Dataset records

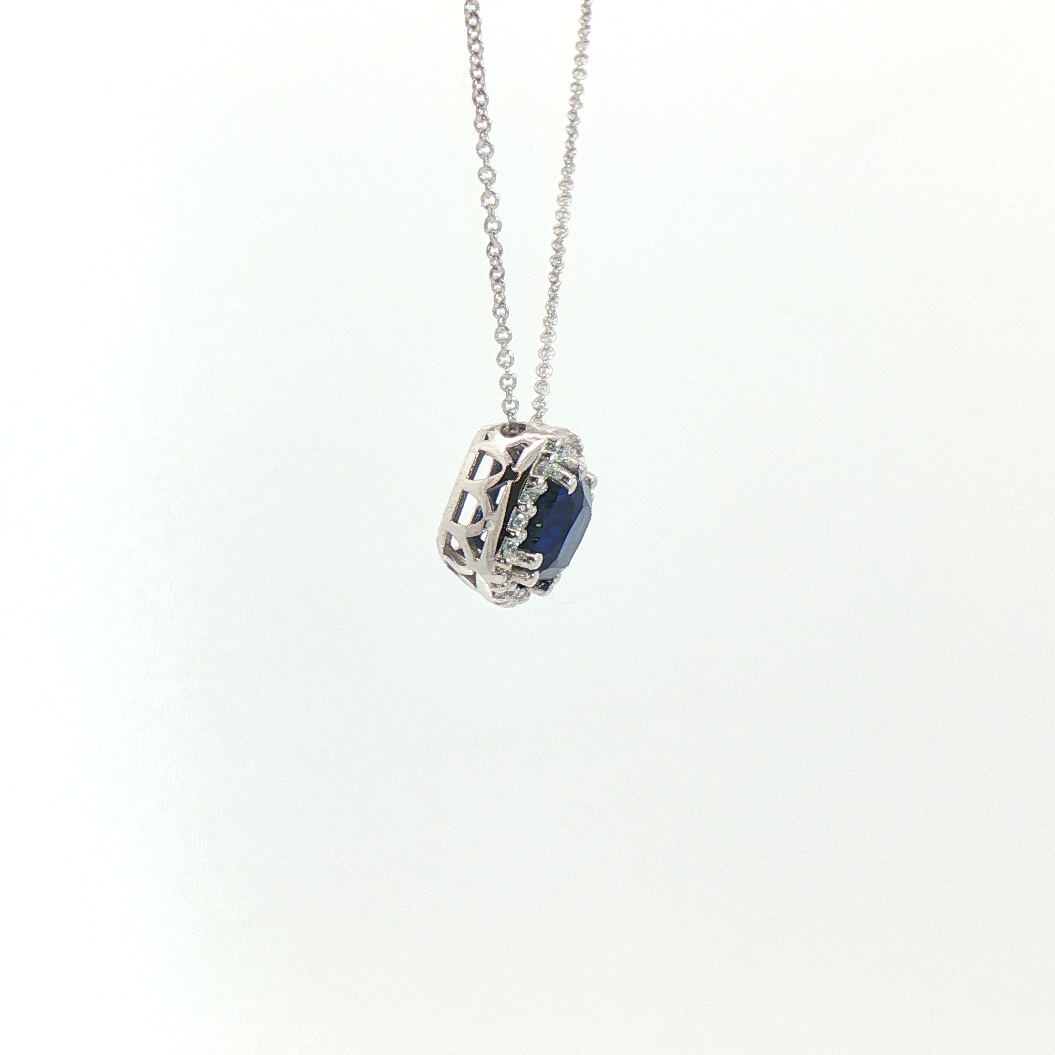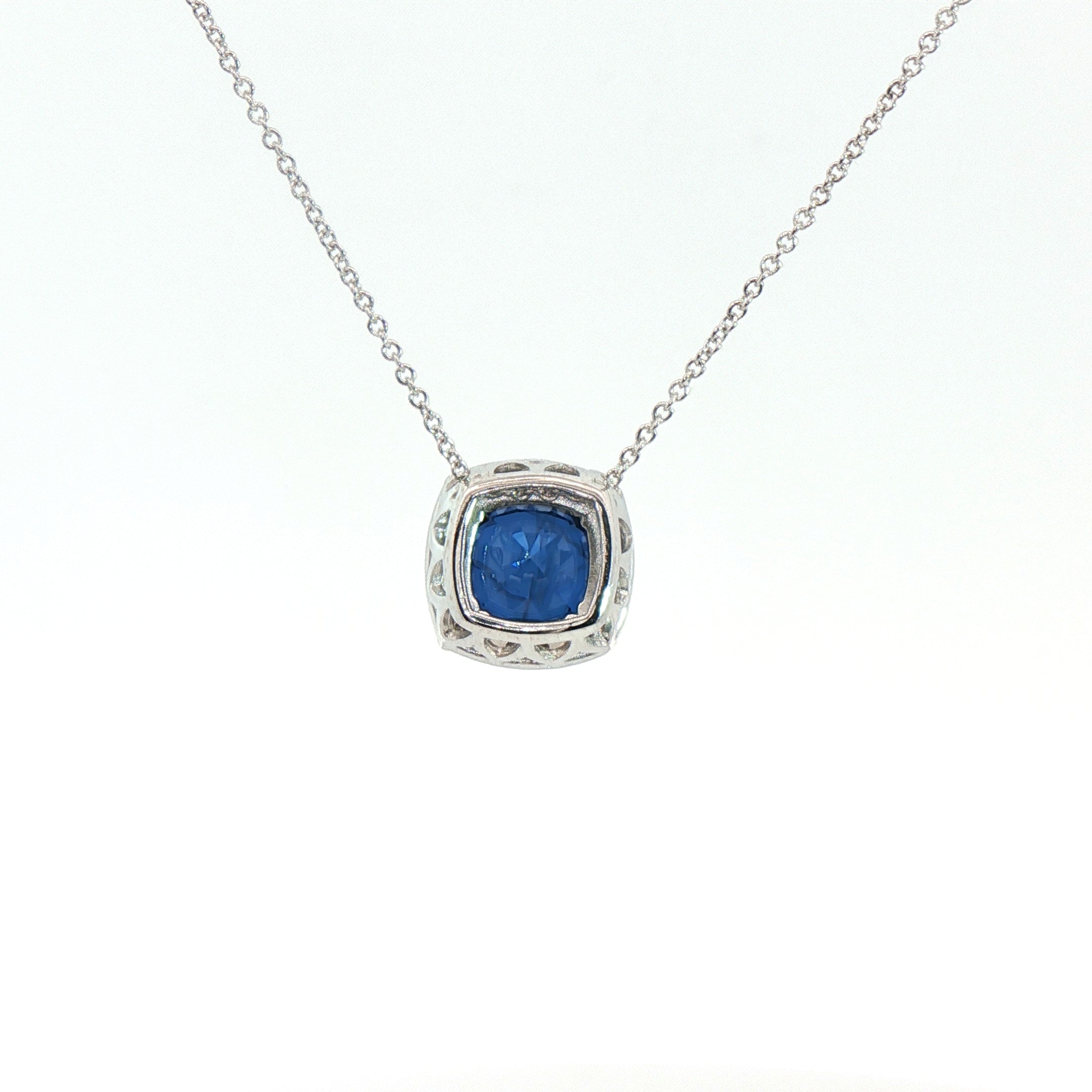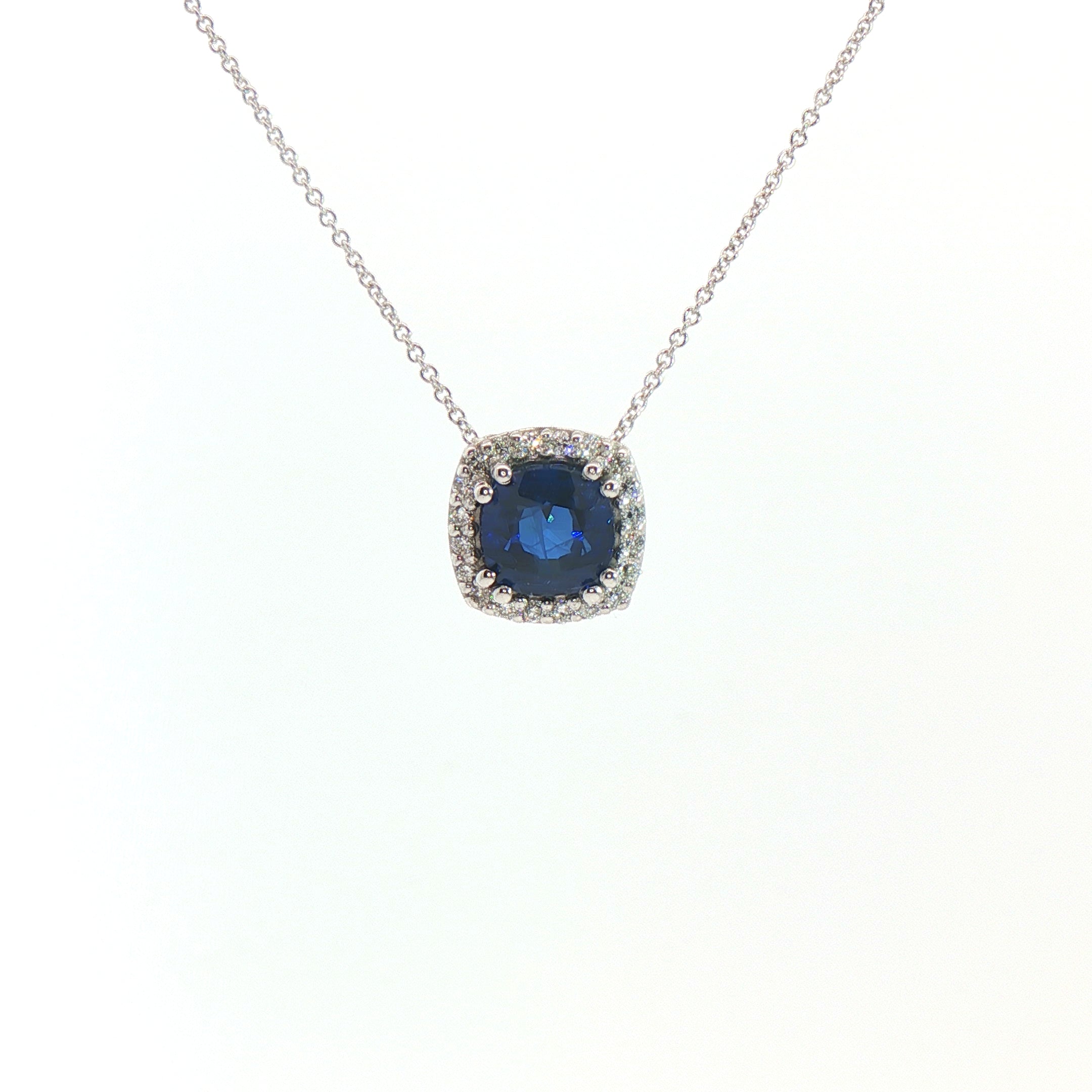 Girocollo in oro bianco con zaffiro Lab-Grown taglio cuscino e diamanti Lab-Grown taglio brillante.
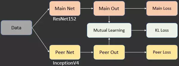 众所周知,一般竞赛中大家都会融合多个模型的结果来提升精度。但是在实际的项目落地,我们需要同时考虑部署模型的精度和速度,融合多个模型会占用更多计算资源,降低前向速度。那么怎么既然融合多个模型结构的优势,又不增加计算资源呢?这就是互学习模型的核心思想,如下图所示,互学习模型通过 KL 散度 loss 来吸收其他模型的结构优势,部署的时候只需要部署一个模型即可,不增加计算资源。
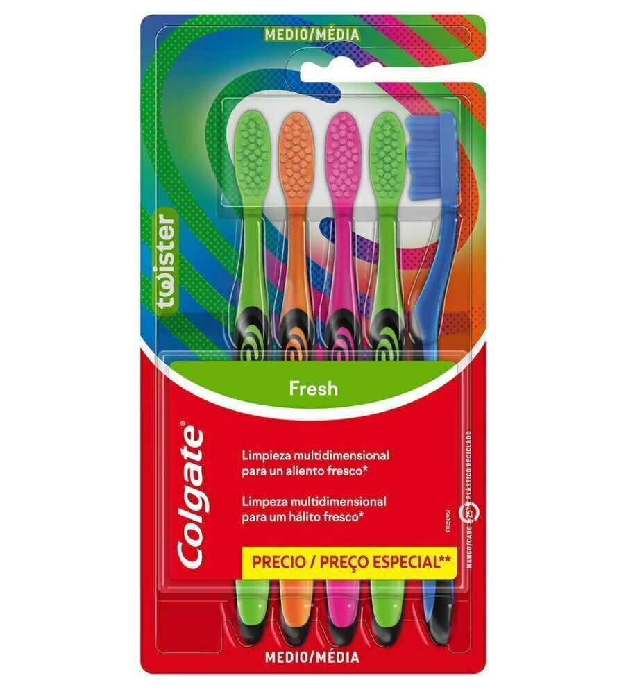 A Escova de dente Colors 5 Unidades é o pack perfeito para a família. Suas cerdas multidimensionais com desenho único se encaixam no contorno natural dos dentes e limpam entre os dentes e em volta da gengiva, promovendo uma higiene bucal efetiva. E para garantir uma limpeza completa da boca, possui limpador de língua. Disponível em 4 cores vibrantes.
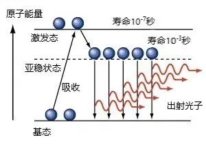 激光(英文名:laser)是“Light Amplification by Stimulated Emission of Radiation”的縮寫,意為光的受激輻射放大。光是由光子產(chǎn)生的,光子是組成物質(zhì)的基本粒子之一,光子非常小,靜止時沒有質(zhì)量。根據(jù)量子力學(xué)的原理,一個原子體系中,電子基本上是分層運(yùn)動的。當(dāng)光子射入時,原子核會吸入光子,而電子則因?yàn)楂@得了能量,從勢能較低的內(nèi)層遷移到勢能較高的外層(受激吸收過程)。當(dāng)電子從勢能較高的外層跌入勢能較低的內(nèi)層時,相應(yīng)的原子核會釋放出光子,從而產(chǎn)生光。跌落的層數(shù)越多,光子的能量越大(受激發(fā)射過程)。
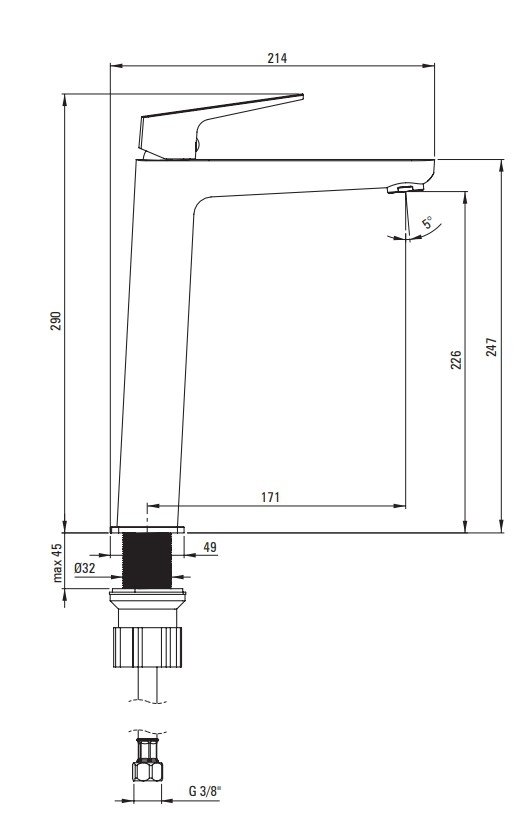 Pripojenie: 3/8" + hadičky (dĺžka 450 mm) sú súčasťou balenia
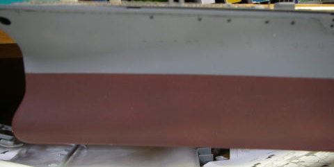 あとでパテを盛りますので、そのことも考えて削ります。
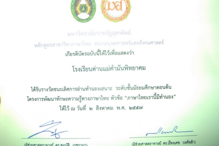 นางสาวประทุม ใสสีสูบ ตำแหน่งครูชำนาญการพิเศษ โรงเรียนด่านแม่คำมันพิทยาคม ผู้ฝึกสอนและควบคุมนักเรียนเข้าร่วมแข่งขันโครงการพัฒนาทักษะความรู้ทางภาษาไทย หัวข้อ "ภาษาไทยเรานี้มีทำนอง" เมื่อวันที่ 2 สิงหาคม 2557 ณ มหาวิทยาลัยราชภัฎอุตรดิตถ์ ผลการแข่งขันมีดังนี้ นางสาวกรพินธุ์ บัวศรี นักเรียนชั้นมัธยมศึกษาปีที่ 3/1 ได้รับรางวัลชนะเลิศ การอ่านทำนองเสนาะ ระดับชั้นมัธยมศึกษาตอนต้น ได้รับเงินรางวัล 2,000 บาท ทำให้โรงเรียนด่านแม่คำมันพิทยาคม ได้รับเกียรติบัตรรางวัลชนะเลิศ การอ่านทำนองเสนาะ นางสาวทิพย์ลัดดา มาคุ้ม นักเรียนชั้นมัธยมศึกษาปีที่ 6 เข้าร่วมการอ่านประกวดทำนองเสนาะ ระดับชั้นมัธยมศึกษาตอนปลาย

- **Problem to solve**
Your task is to write out, exactly and without pictures, only the lines from the one holding "散度 loss 来吸收其他模型的结构优势,部署的时候只需要部署一个模型即可,不增加计算资源。" to the last line of the data.

- **Response area**
 众所周知,一般竞赛中大家都会融合多个模型的结果来提升精度。但是在实际的项目落地,我们需要同时考虑部署模型的精度和速度,融合多个模型会占用更多计算资源,降低前向速度。那么怎么既然融合多个模型结构的优势,又不增加计算资源呢?这就是互学习模型的核心思想,如下图所示,互学习模型通过 KL 散度 loss 来吸收其他模型的结构优势,部署的时候只需要部署一个模型即可,不增加计算资源。
 A Escova de dente Colors 5 Unidades é o pack perfeito para a família. Suas cerdas multidimensionais com desenho único se encaixam no contorno natural dos dentes e limpam entre os dentes e em volta da gengiva, promovendo uma higiene bucal efetiva. E para garantir uma limpeza completa da boca, possui limpador de língua. Disponível em 4 cores vibrantes.
 激光(英文名:laser)是“Light Amplification by Stimulated Emission of Radiation”的縮寫,意為光的受激輻射放大。光是由光子產(chǎn)生的,光子是組成物質(zhì)的基本粒子之一,光子非常小,靜止時沒有質(zhì)量。根據(jù)量子力學(xué)的原理,一個原子體系中,電子基本上是分層運(yùn)動的。當(dāng)光子射入時,原子核會吸入光子,而電子則因?yàn)楂@得了能量,從勢能較低的內(nèi)層遷移到勢能較高的外層(受激吸收過程)。當(dāng)電子從勢能較高的外層跌入勢能較低的內(nèi)層時,相應(yīng)的原子核會釋放出光子,從而產(chǎn)生光。跌落的層數(shù)越多,光子的能量越大(受激發(fā)射過程)。
 Pripojenie: 3/8" + hadičky (dĺžka 450 mm) sú súčasťou balenia
 あとでパテを盛りますので、そのことも考えて削ります。
 นางสาวประทุม ใสสีสูบ ตำแหน่งครูชำนาญการพิเศษ โรงเรียนด่านแม่คำมันพิทยาคม ผู้ฝึกสอนและควบคุมนักเรียนเข้าร่วมแข่งขันโครงการพัฒนาทักษะความรู้ทางภาษาไทย หัวข้อ "ภาษาไทยเรานี้มีทำนอง" เมื่อวันที่ 2 สิงหาคม 2557 ณ มหาวิทยาลัยราชภัฎอุตรดิตถ์ ผลการแข่งขันมีดังนี้ นางสาวกรพินธุ์ บัวศรี นักเรียนชั้นมัธยมศึกษาปีที่ 3/1 ได้รับรางวัลชนะเลิศ การอ่านทำนองเสนาะ ระดับชั้นมัธยมศึกษาตอนต้น ได้รับเงินรางวัล 2,000 บาท ทำให้โรงเรียนด่านแม่คำมันพิทยาคม ได้รับเกียรติบัตรรางวัลชนะเลิศ การอ่านทำนองเสนาะ นางสาวทิพย์ลัดดา มาคุ้ม นักเรียนชั้นมัธยมศึกษาปีที่ 6 เข้าร่วมการอ่านประกวดทำนองเสนาะ ระดับชั้นมัธยมศึกษาตอนปลาย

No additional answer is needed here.